→ Input data:
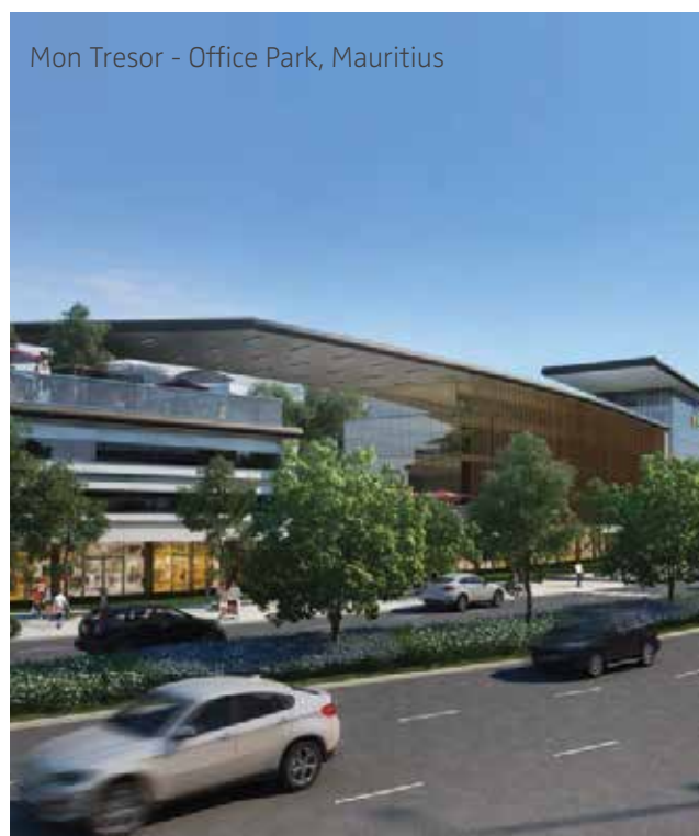
Mon Tresor - Office Park, Mauritius

Project Name: Cascavelle Shopping Village Location: Bamboo (redevelopment) GLA (m 2 ): TBC Expected Trading Date: Trading Anchor Tenants: Monoprix, Mauritius Commercial Bank, Woolworths, Orange and Emtel
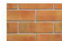
South Downs Multi Stock
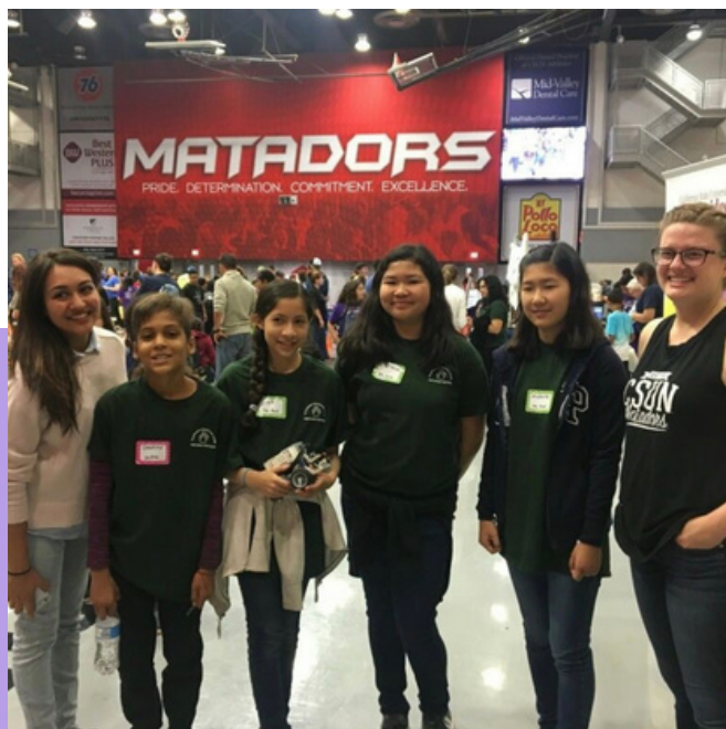
SWE at the Rally in the Valley Encouraging the Next Generation of Engineers
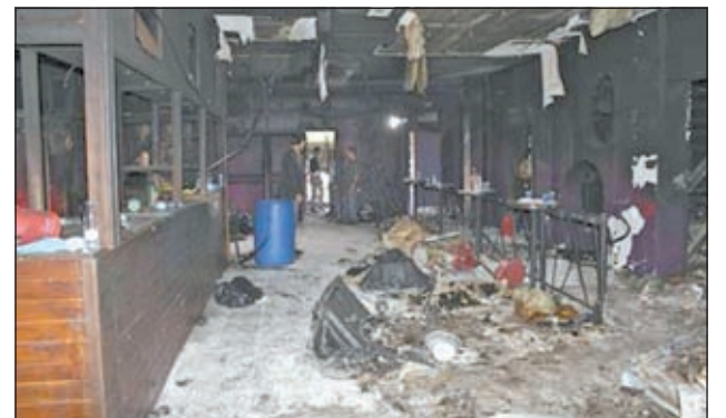
People inspect the Boate Kiss nightclub in the southern city of Santa Maria, 187 miles (301 km) west of the state capital Porto Alegre in this handout released by the Policia Civil (Civil Police) on 29 Jan, 2013.

tim, but cautioned the medicine would not deal with other toxins they inhaled while trying to flee the party through a single exit in the wealthy university town of Santa Maria.
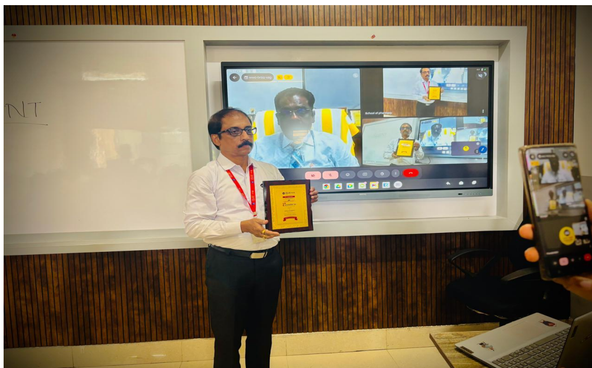
Fig. 4- Dean, School of Pharmacy presenting memento to the speaker
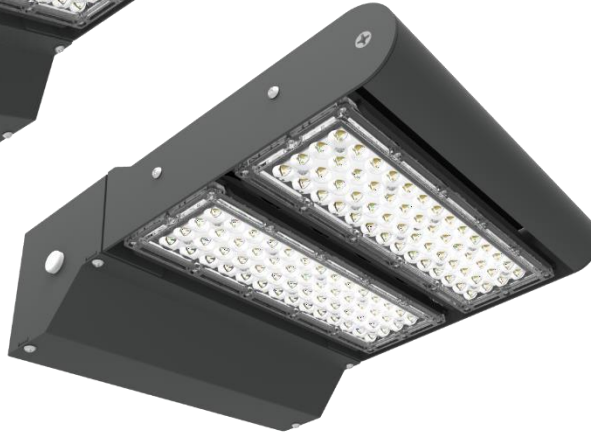
90W or 120W
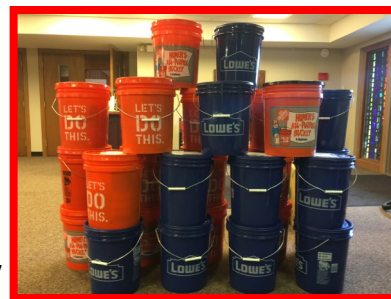
Your donations helped us fill over 25 buckets.

for the sign up to help with this mission, or contact Wendy Finch or Tracey Hammack.
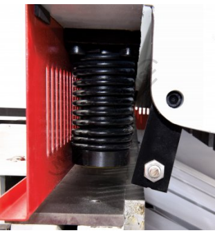
Hydraulic material hold downs
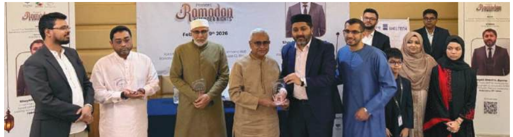
Participants at the Ramadan Reminder Nights
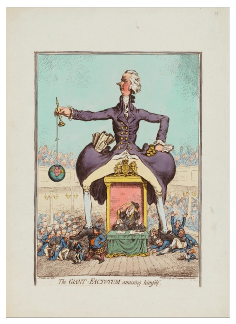
James Gillray, The Giant Factotum Amusing Himself (1797)

and indistinct crowd is represented, evocative of a proletarian wave about to submerge the British nation. Filtered through a range of artistic conventions like caricature and the grotesque, the Tomahawk 's working-class rising tide evokes "the well established traditions of repulsion and contempt through which eighteenth-century caricature described the labouring poor." <sup>10</sup>
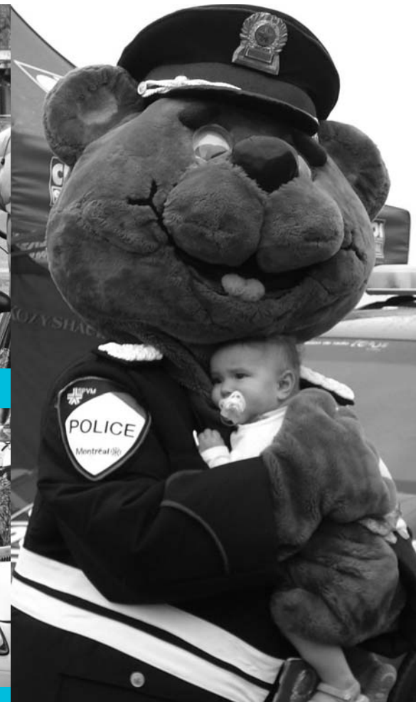
The SPVM is making more efforts to get closer to youth. Our new mascot Flik is a great ambassador who even attracts our youngest citizens.
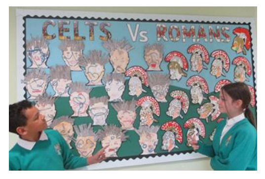
Pupils admire our creative displays
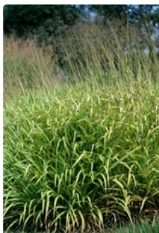
Tall medium type, common guinea, Australia (cv. Riversdale)

Because of the morphological and agronomic variability, the species is treated here as 2 broad non-taxonomic types:
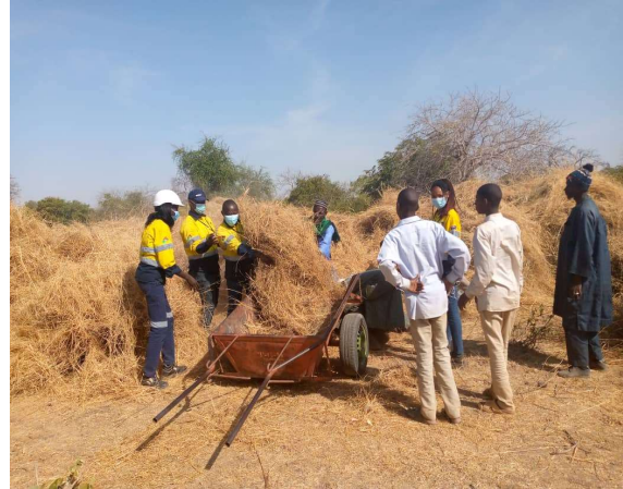
Distribution of livestock feed to local communities.
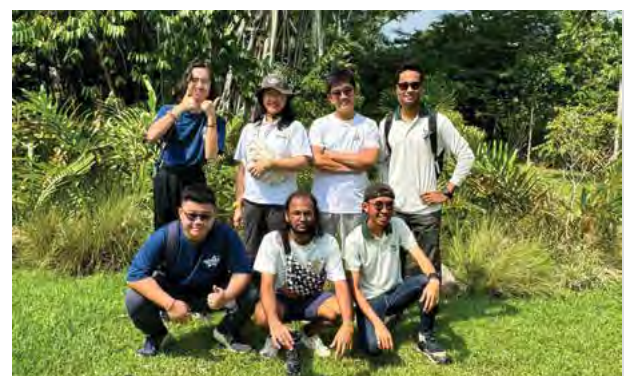
Page 13 #PeopleofSembawang: Sembawang Nature e-Guidebook
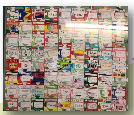
The Modern Foreign Languages Department's Jigsaw of Languages

Fund raising ideas were discussed - as were issues students wanted to explore - ready to be taken to our Head Students to keep our community thriving.
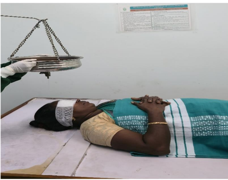
Natūl (Irrigation) therapy
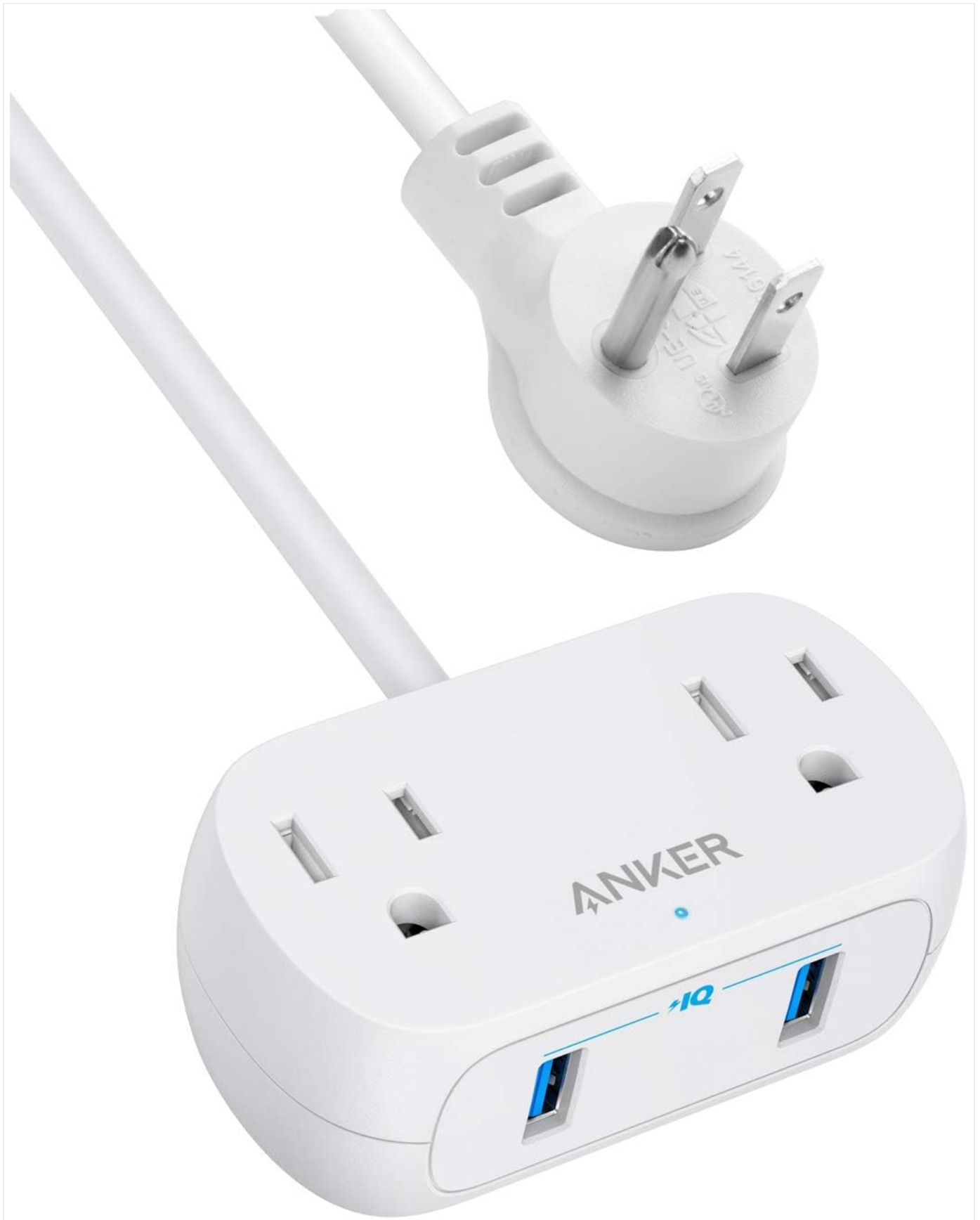
Front view of the Anker PowerExtend USB 2 mini, highlighting its two AC outlets and two USB-A ports.
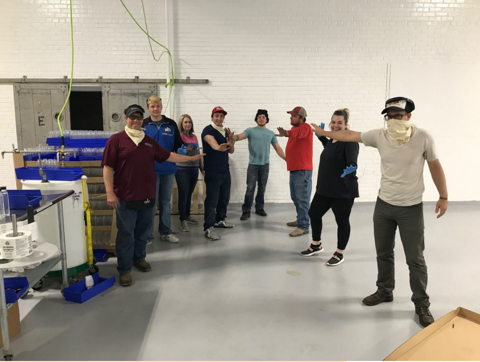
The Pacha Soap team practices their "social distancing" while preparing a batch of hand sanitizer to distribute through the Hastings Community Foundation.
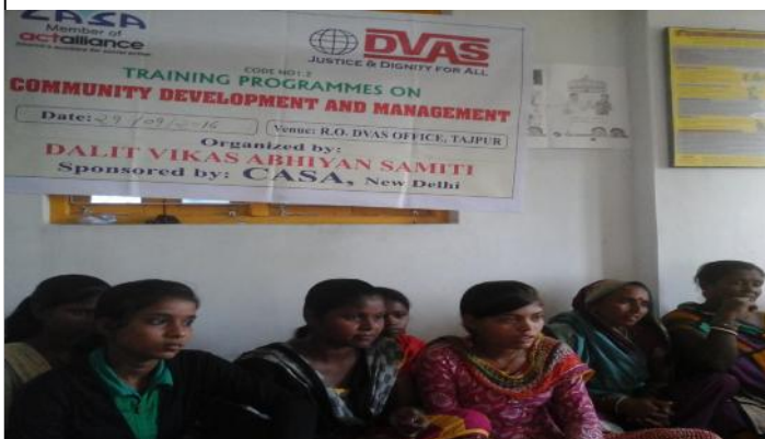
Meeting on Community Development Management
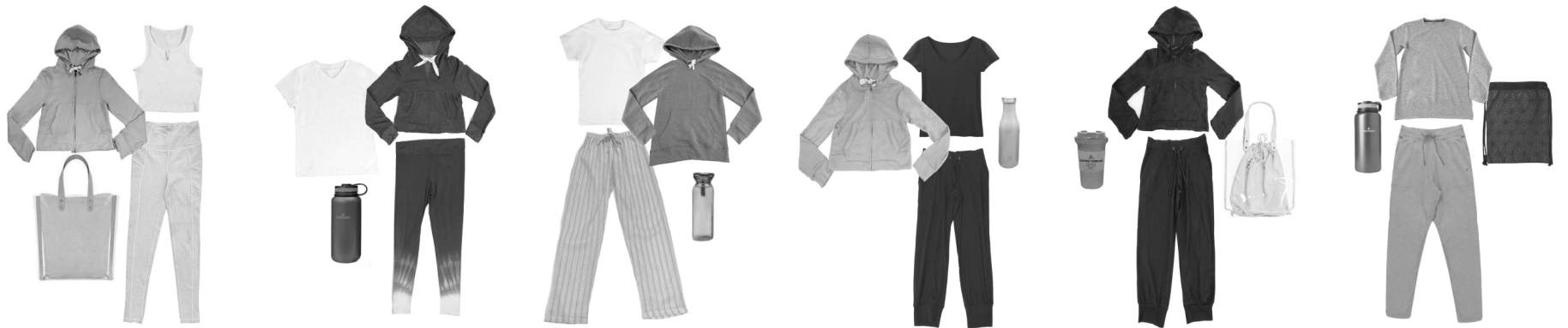
Energize your all-white ensemble with a pink hoodie and tote bag made of PVC material which is easy to disinfect after your outdoor errands.

As we shift into new lifestyles – WFH arrangements, online classes, zoom meetings, binge-watching our favorite series- loungewear has become a defining fashion staple in many of our wardrobes. And after a year, in elevated style, it has found its way in the spring/summer runways – track pants at Celine and sweat suits at Rodarte and Balenciaga.
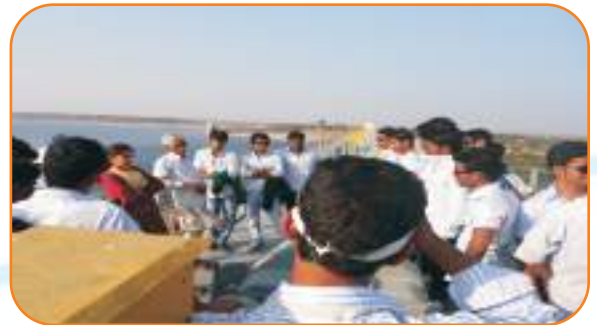
Visit to Nagarjun Sagar Dam, (2014)
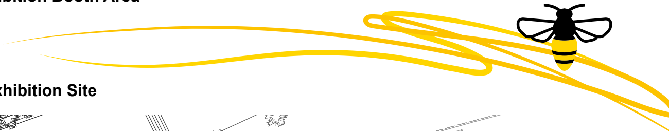
Outdoor Exhibition Site

→ Work required: I'd like the data above duplicated exactly, with no pictures included.

→ Exercise answer:
Mon Tresor - Office Park, Mauritius

Project Name: Cascavelle Shopping Village Location: Bamboo (redevelopment) GLA (m 2 ): TBC Expected Trading Date: Trading Anchor Tenants: Monoprix, Mauritius Commercial Bank, Woolworths, Orange and Emtel
South Downs Multi Stock
SWE at the Rally in the Valley Encouraging the Next Generation of Engineers
People inspect the Boate Kiss nightclub in the southern city of Santa Maria, 187 miles (301 km) west of the state capital Porto Alegre in this handout released by the Policia Civil (Civil Police) on 29 Jan, 2013.

tim, but cautioned the medicine would not deal with other toxins they inhaled while trying to flee the party through a single exit in the wealthy university town of Santa Maria.
Fig. 4- Dean, School of Pharmacy presenting memento to the speaker
90W or 120W
Your donations helped us fill over 25 buckets.

for the sign up to help with this mission, or contact Wendy Finch or Tracey Hammack.
Hydraulic material hold downs
Participants at the Ramadan Reminder Nights
James Gillray, The Giant Factotum Amusing Himself (1797)

and indistinct crowd is represented, evocative of a proletarian wave about to submerge the British nation. Filtered through a range of artistic conventions like caricature and the grotesque, the Tomahawk 's working-class rising tide evokes "the well established traditions of repulsion and contempt through which eighteenth-century caricature described the labouring poor." <sup>10</sup>
The SPVM is making more efforts to get closer to youth. Our new mascot Flik is a great ambassador who even attracts our youngest citizens.
Pupils admire our creative displays
Tall medium type, common guinea, Australia (cv. Riversdale)

Because of the morphological and agronomic variability, the species is treated here as 2 broad non-taxonomic types:
Distribution of livestock feed to local communities.
Page 13 #PeopleofSembawang: Sembawang Nature e-Guidebook
The Modern Foreign Languages Department's Jigsaw of Languages

Fund raising ideas were discussed - as were issues students wanted to explore - ready to be taken to our Head Students to keep our community thriving.
Natūl (Irrigation) therapy
Front view of the Anker PowerExtend USB 2 mini, highlighting its two AC outlets and two USB-A ports.
The Pacha Soap team practices their "social distancing" while preparing a batch of hand sanitizer to distribute through the Hastings Community Foundation.
Meeting on Community Development Management
Energize your all-white ensemble with a pink hoodie and tote bag made of PVC material which is easy to disinfect after your outdoor errands.

As we shift into new lifestyles – WFH arrangements, online classes, zoom meetings, binge-watching our favorite series- loungewear has become a defining fashion staple in many of our wardrobes. And after a year, in elevated style, it has found its way in the spring/summer runways – track pants at Celine and sweat suits at Rodarte and Balenciaga.
Visit to Nagarjun Sagar Dam, (2014)
Outdoor Exhibition Site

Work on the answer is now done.